Figure 10 shows the superresolved results for Frame 18 and the magnified local details of the “Coastguard” sequence. The “Coastguard” sequence contains the complex backgrounds and motions of both object and camera. Moreover, complex motions such as translation, occluded areas, and newly appearing object areas exist in this sequence. Under such complex motion scenes, the proposed LBST-SR algorithm still performed better than the other five algorithms. As can be observed from the magnified local details marked by the red rectangle and details in the background regions, annoying black spots and block artifacts are generated in the ANRSR, DPSR, and ScSR algorithms. ZM-SR algorithm produces blurred edges and details, especially in the complex stone bank background area. Annoying block artifacts and discontinuous edges are generated in the NL-SR algorithm because its nonlocal similarity matching strategy cannot be well adapted to the complex motion scenes.

The superresolved results for Frame 1 of the “Akiyo” sequence are shown in Figure 11, with local details magnified to emphasize visual quality. The magnified visual effects of the face region marked in the red rectangle demonstrate that the proposed algorithm is superior to the other five algorithms and produces a more natural and smoother visual effect. ANRSR, DPSR, and ScSR algorithms produce annoying artifacts in the face region and unnatural skin colors.

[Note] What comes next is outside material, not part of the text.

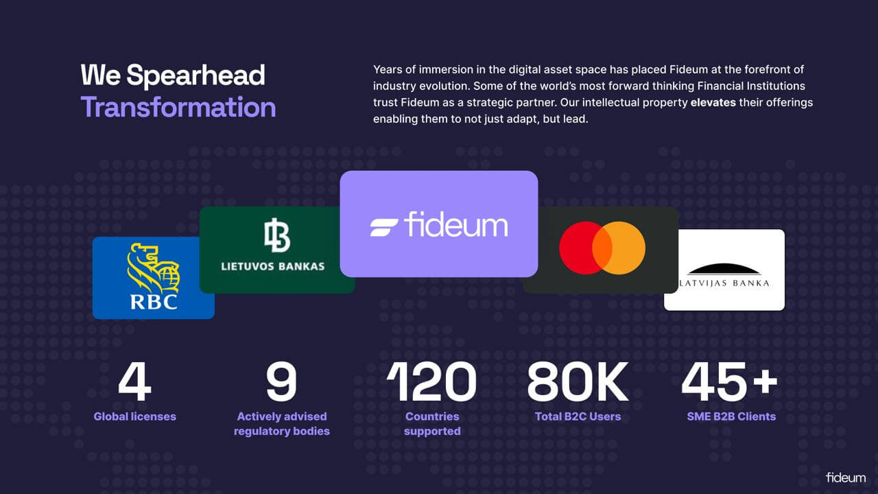 Fideum is a fintech company focused on accelerating the digital transformation of financial institutions, banks, and small—to medium-sized enterprises (SMEs) through its eponymous blockchain infrastructure. With the strategic backing of Mastercard Europe and a recent win at the Mastercard Lighthouse program, Fideum aims to position itself as a reliable partner for entities seeking to delve into and capitalize on digital assets.

NL-SR algorithm produces block effects. And some blurring phenomena are generated in the ZM-SR algorithm.

The “Satellite-2” sequence contains local motions, light variation, and more object details. Figure 12 shows the superresolved results for Frame 3 of the “Satellite-2” sequence. The magnified details marked by the red rectangle demonstrate that the proposed LBST-SR algorithm generates the best visual effects, producing more natural visual effects and clearer details. Annoying black spot artifacts and unnatural visual effects are produced in the ANRSR, DPSR, and ScSR algorithms. Block artifacts and jagged effects are generated by the NL-SR algorithm, and ZM-SR algorithm produces blurred object details.

5. Conclusions

A novel learning-based algorithm to implement video SR reconstruction using spatiotemporal nonlocal similarity was proposed in this paper. On the basis of LR-HR correlation mapping, spatiotemporal nonlocal similarity structural redundancies were used to improve SR quality further. With the objective of improving algorithm efficiency while guaranteeing SR quality, LR-HR correlation mapping was performed only for the salient object region of the video frame, following which an improved spatiotemporal nonlocal fuzzy registration scheme was established for spatiotemporal similarity matching and fusion using the similarity weighting strategy based on pseudo-Zernike moment feature similarity and structural similarity and the self-adaptive regional correlation evaluation strategy. The proposed spatiotemporal nonlocal fuzzy registration scheme does not rely on accurate estimation of subpixel motion, and therefore it can be adapted to complex motion patterns and is robust to noise and rotation. Experimental results demonstrated that the proposed algorithm achieves competitive SR quality compared to other state-of-the-art algorithms in terms of both subjective and objective evaluations.

Conflict of Interests

The authors declare that there is no conflict of interests regarding the publication of this paper.

Acknowledgments

This work was supported by the National Basic Research Program of China (973 Program) 2012CB821200 (2012CB821206) and the National Natural Science Foundation of China (no. 61320106006).